Editor’s Note: This study highlights the importance of both recognizing the benefits of a mentoring relationship for youth who are experiencing difficulties with their body self-image as well as the limits of a supportive mentoring relationship in youth diagnosed with eating disorders. By finding this balance between benefit and limits, programs can help support youth who are in need by providing an additional layer of backing that may not exist in more formalized clinical contexts.
Stephens, L. E., Bowers, E. P., & Lerner, J. V. (2017). Positive youth development and adolescent eating disorder symptomatology: The role of natural mentors. Journal of Community Psychology, 46, 473-488. doi: 10.1002/jcop.21952
Summarized by Justin Preston
Introduction (reprinted from Abstract)
Natural mentoring relationships have been linked to diverse outcomes in youth; however, little research has examined the role of natural mentors in adolescent eating disorder symptomatology. The present study applied a strength-based, positive youth development (PYD) perspective to examine the cross-sectional relations among disordered eating attitudes and behaviors, PYD, and natural mentoring relationships.
We used data from 975 9th-grade youth (61.1% female; mean age = 15.01, standard deviation = 0.73) who participated in the 4-H Study of PYD. Natural mentoring relationships had a differential association with outcomes based on youth sex. Natural mentors were linked to higher levels of PYD in both males and females, but these relationships were more strongly linked to eating disorder symptomatology and PYD in males.
Having a natural mentor predicted significantly lower body dissatisfaction in males, but not in females. Natural mentoring relationships did buffer the relation between drive for thinness symptoms and PYD in females.
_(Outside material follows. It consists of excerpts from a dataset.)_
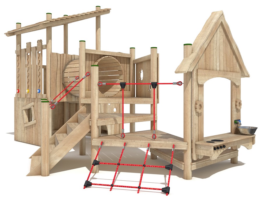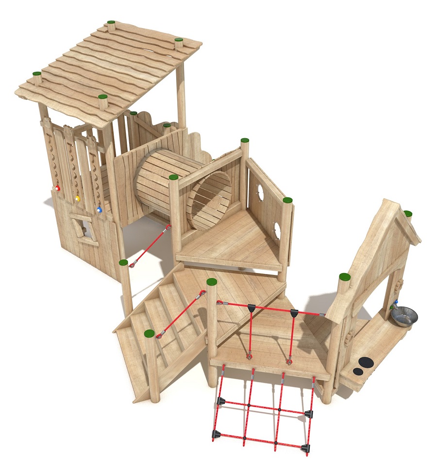Kletternetze bestehen aus Herkulesseilen mit Stahldrahteinlagen mit feuerverzinkten Anschlüssen. Die Seile sind UV-beständig und mit PP-Leinen umwickelt. Die Seilverbindungen sind mit patentierten PP-Elementen hergestellt und vandalensicher.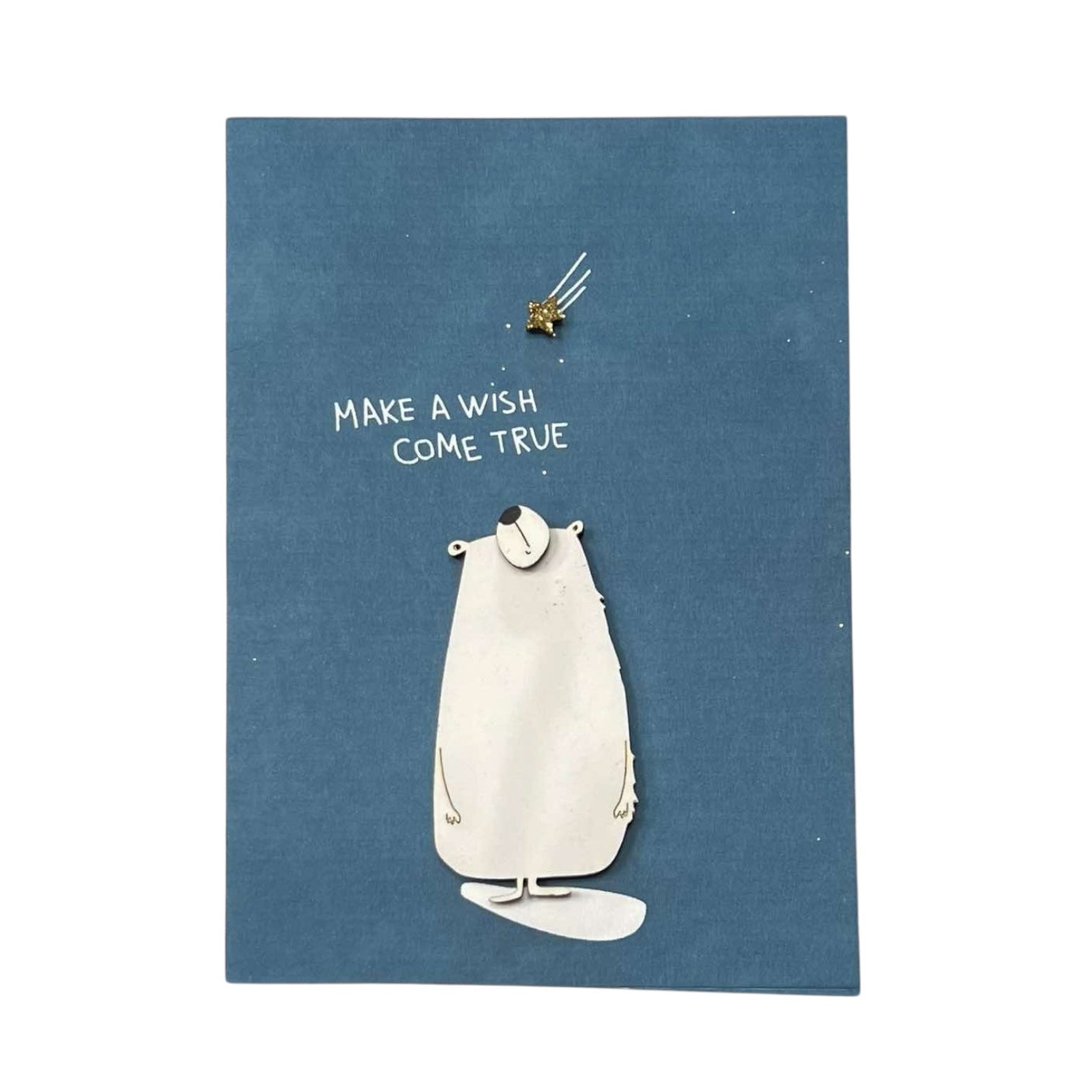 A paper card with a wooden bear and the inscription "make a wish come true".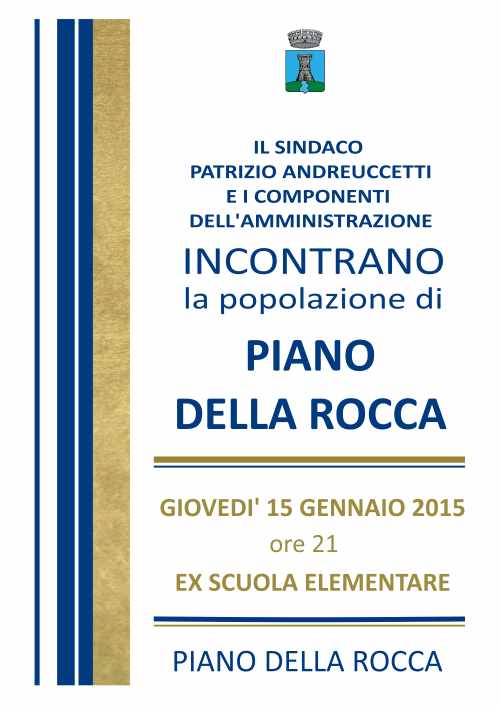 Giovedì 15 gennaio prossimo, alle ore 21, presso l'ex scuola di Piano della Rocca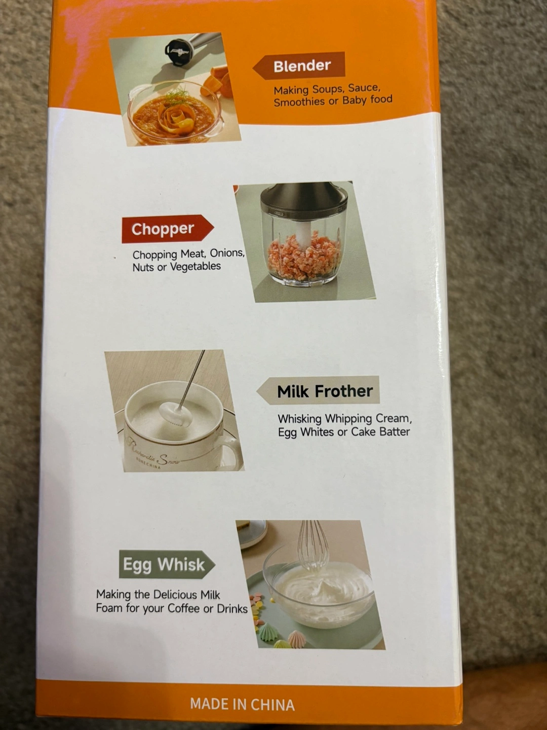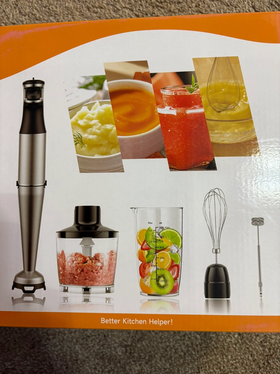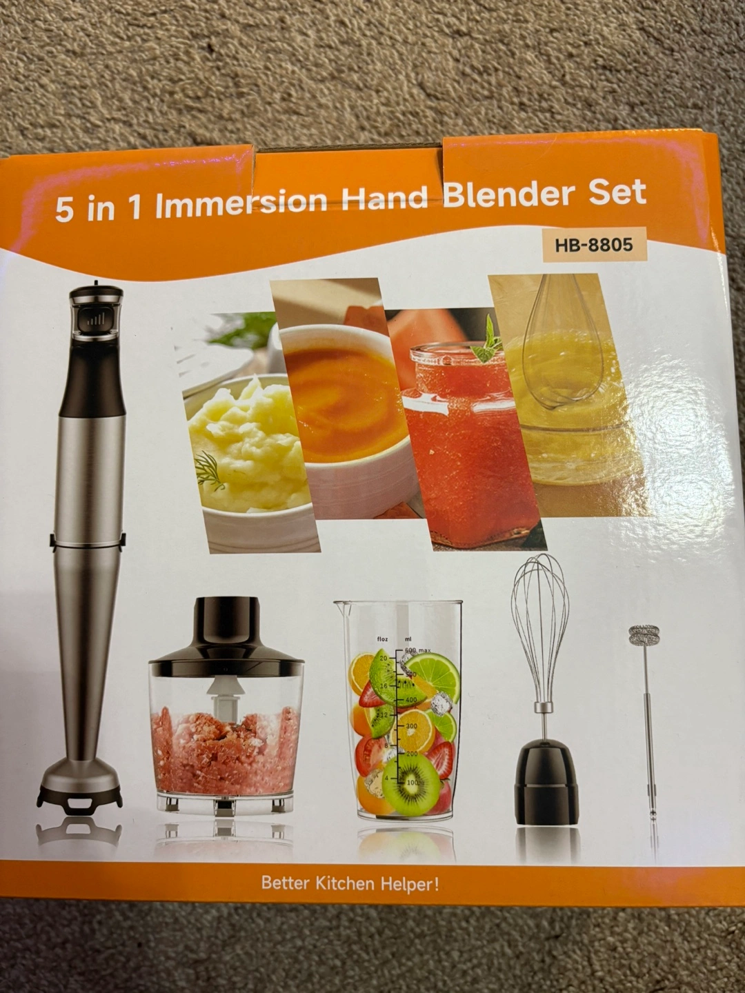 Selling a 5-in-1 Immersion Hand Blender Set! This set is great for making soups, sauces, smoothies, or baby food. It also works as a chopper for meat, onions, nuts, or vegetables. Plus, it can be used as a milk frother for whisking whipping cream, egg whites, or cake batter, and an egg whisk for making delicious milk foam for your coffee or drinks! Better Kitchen Helper!

The present study provides evidence for the benefits natural mentors may provide to youth reporting disordered eating attitudes and behaviors.
Implications (reprinted from Discussion)
This study applied a strengths-based perspective to examine the role of natural mentors in predicting youth eating disorder symptomatology and PYD; in addition, [the authors] aimed to examine whether youth relationships with natural mentors moderated the impact of eating disorder symptomatology on PYD.
The resources provided by these youth–adult relationships may not often be recognized in approaches to adolescent eating disorders derived from a psychopathological perspective. [The authors’] results indicated that eating disorder symptomatology was negatively related to a comprehensive measure of PYD. Youth relationships with natural mentors were negatively related to drive for thinness and body dis-satisfaction in males and positively related to PYD for both males and females.
Consistent with prior research on gender and positive and problematic outcomes (Phelps et al., 2007; Zimmerman, Phelps, & Lerner, 2008), [the authors] found that females reported higher levels of eating disorder symptomatology but also higher levels of PYD.
The differential benefits for males and females point to the importance of considering what resources might benefit what outcomes for which individuals. For example, the present study found no beneficial links between natural mentoring and symptoms of bulimia in males or females.
The items used to assess bulimia indicate more severe disordered eating symptoms such as thoughts of bingeing and purging. A more intensive or clinical-based service may be needed to address severe eating disorder symptomatology. In turn, natural mentoring relationships may be helpful in reducing levels of body dissatisfaction in males, but not females.
Finally, results indicated that natural mentors buffered the negative link between drive for thinness and PYD in females. It may be drive for thinness symptoms such as feeling guilty after overeating, terror at gaining weight, and preoccupation with thinness are at a level of concern appropriate for natural mentors to intervene.